En attendant l’exposition sur les familles-souches (les vraies oubliées du 400e, alors qu’elles sont de réelles «fondatrices de Québec»), que faut-il retenir du volet « exposition » de 2008 (en incluant Passagers/Passengers dont il a été question dans une note le 20 juin) ?
Notons d’abord qu’il faut payer pour voir Champlain retracé, Québec, une ville et ses artistes, Souvenirs impérissables, François, premier évesque de Québec et même Passagers/Passengers, alors qu’on peut avoir Aznavour, McCartney, Deschamps, Céline, Garou, l’OSM, et presque toute la partie chantante de l’Union des artistes gratis. Un « gros festival d’été », disait-on ?

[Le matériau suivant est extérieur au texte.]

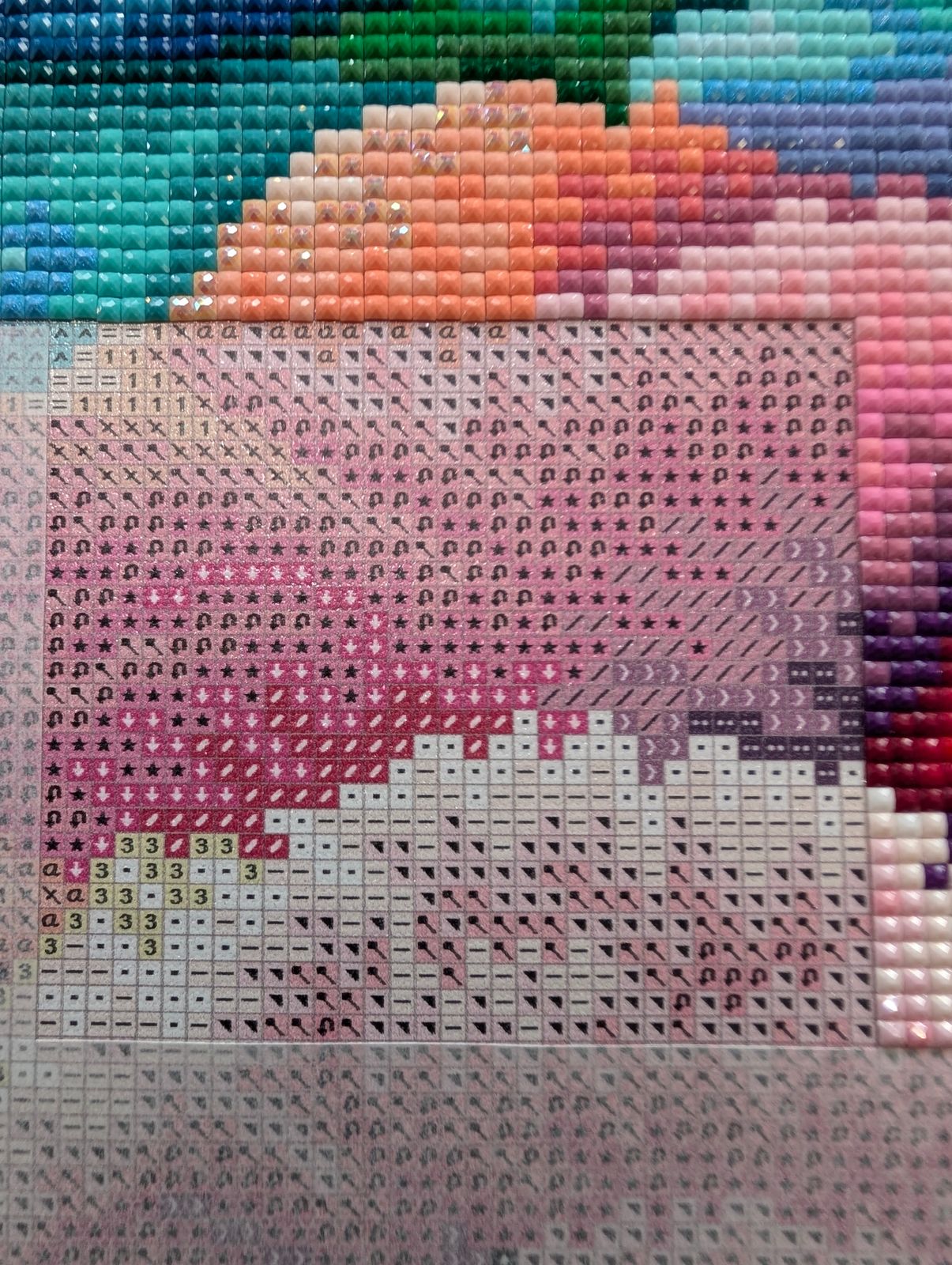 Ich liebe das Bild und auch die Qualität der Steine. Auch das Auspacken ist deutlich aufregender als bei billigeren Bildern. Ich bin allerdings enttäuscht mit der Druckqualität. Der Druck ist so unscharf, dass ich an vielen Stellen die Symbole nicht eindeutig erkennen kann und zum Teil eher raten musste. Auch kann ich die einzelnen Felder für die Steine kaum erkennen, was das präzise Setzen deutlich schwieriger macht. Schade.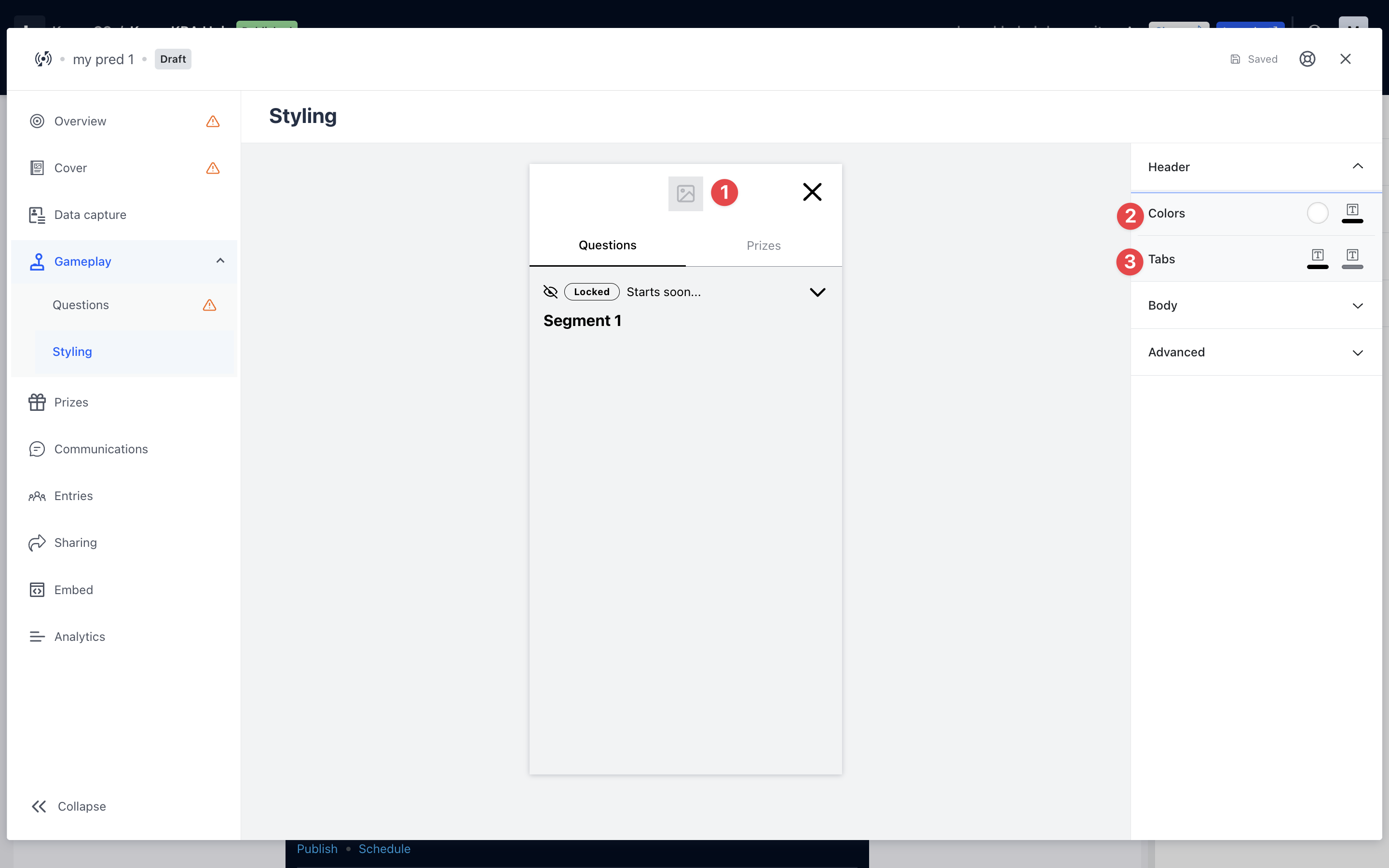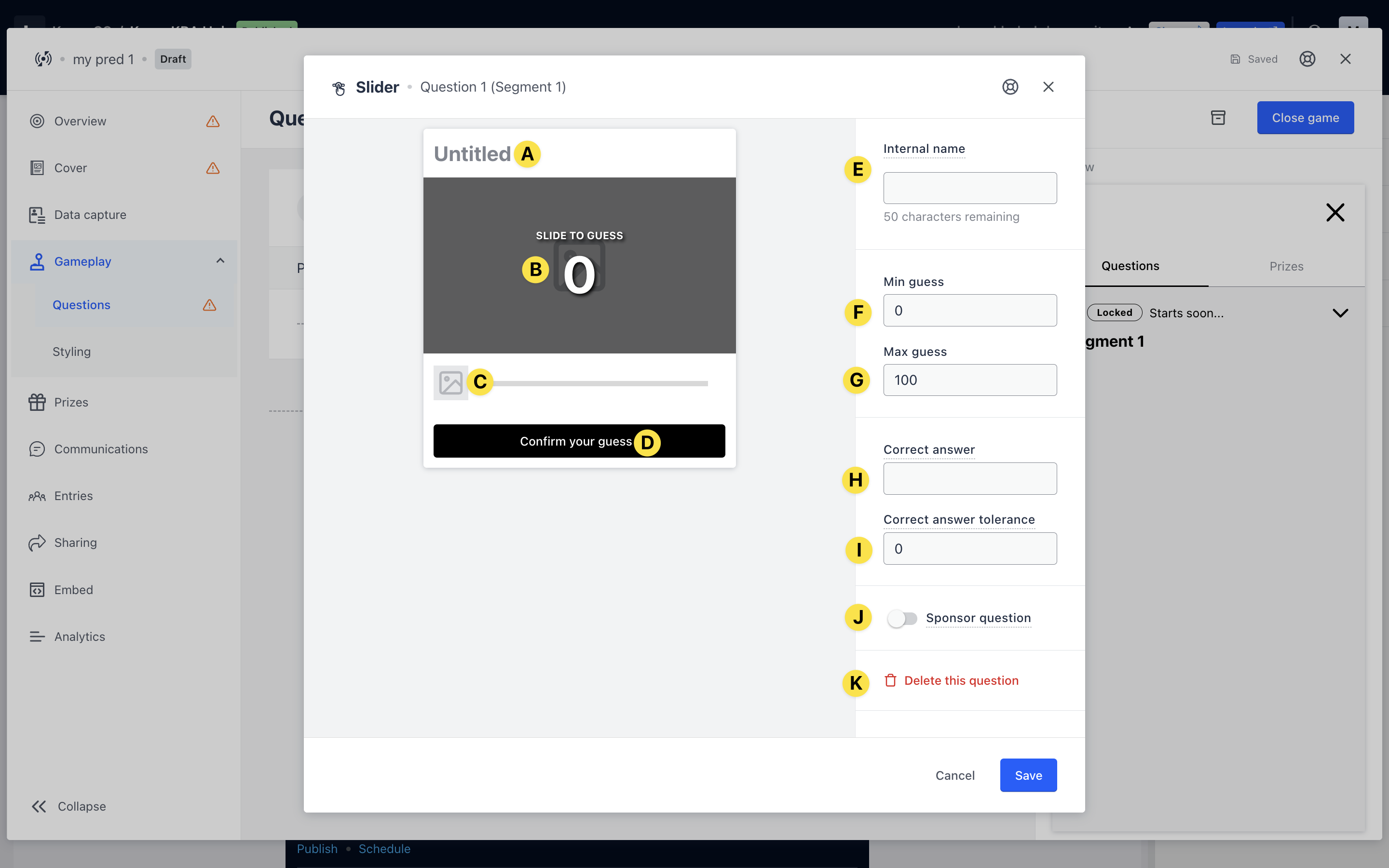 - If you have multiple segments, it is recommended to have at least 3 questions in each segment. If you have just one segment, look at having a minimum of 5 questions for maximum engagement. Include at least one survey and/or slider question. Allowing your audience to answer questions in different ways makes things interesting.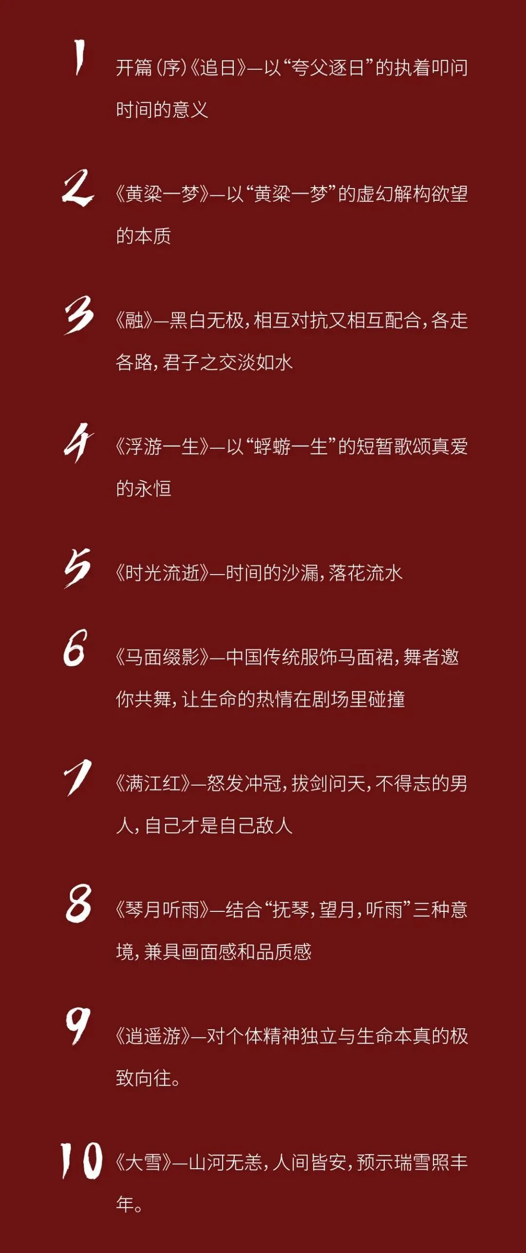 演出以经典历史典故为依托,用“夸父逐日叩问时间意义、“黄粱一梦”解构欲望本质、“蜉蝣一生”歌颂生命的意义;从岳飞“怒发冲冠”的剑影,到马面裙互动、从竹林七贤“逍遥游”对生活的向往、到大雪中“山河无恙”的安宁,融合传统古典舞与中国十大雅事之韵,传递年轻人对生命的思考、对时间的叩问及对美好生活的极致向往。该作品是公狗剧场诚意满满的转折之战。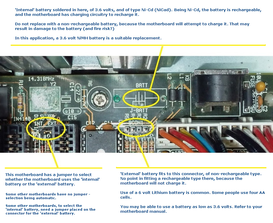 Motherboards in 286/386/486 based AT-class desktop computers - 'CMOS' batteries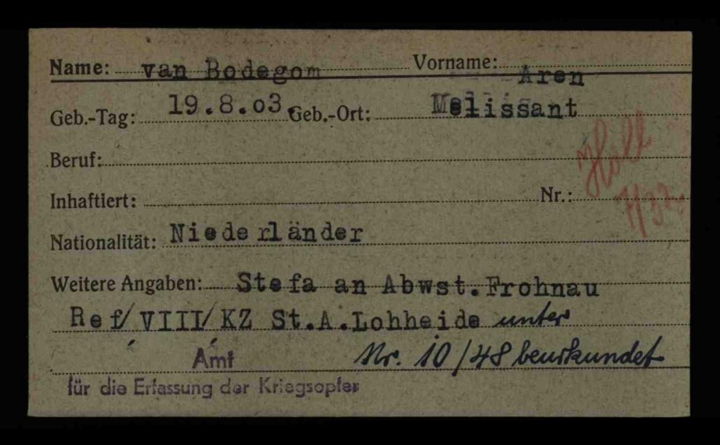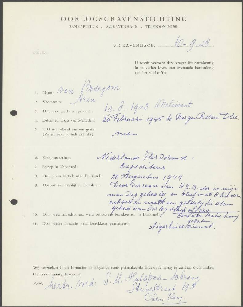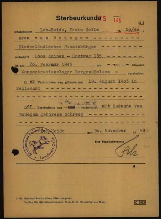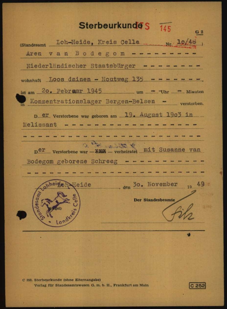 Aren heeft geen bekend graf en wordt herdacht in het Gedenkboek te Bergen-Belsen.

Les expositions sont nombreuses mais de maigre envergure du point de vue du thème ou des moyens, quand ce n’est pas les deux. L’Espace Champlain de l’Hôtel du Parlement aurait mérité un peu plus… d’espace. Foules d’archives encore plus, évidemment, car c’est la seule qui s’est approchée de ce qu’aurait pu être une exposition sur Québec. Le très original Champlain retracé a dû coûter cher la ligne. Québec, une ville et ses artistes ainsi que l’exposition sur le premier évêque ont sûrement exigé beaucoup de ressources pour des sujets limités (dans le cadre de 2008), sauf le respect que je dois à monseigneur et aux artistes.
En d’autres mots, 2008 passera à l’histoire pour avoir célébré le 400e anniversaire du berceau d’une nation sans avoir offert aux Québécois et aux autres francophones d’Amérique une seule exposition d’envergure sur le berceau ou la nation. Le 400e a mis tout son budget d’exposition dans Passagers/Passengers, qui pourrait servir de message publicitaire à Immigration-Canada, le Musée de la Civilisation a préféré l’or des Amériques et le Musée national des beaux-arts, les trésors du Louvre.
Comme disait mon professeur de latin : Qui potest capiere capiat.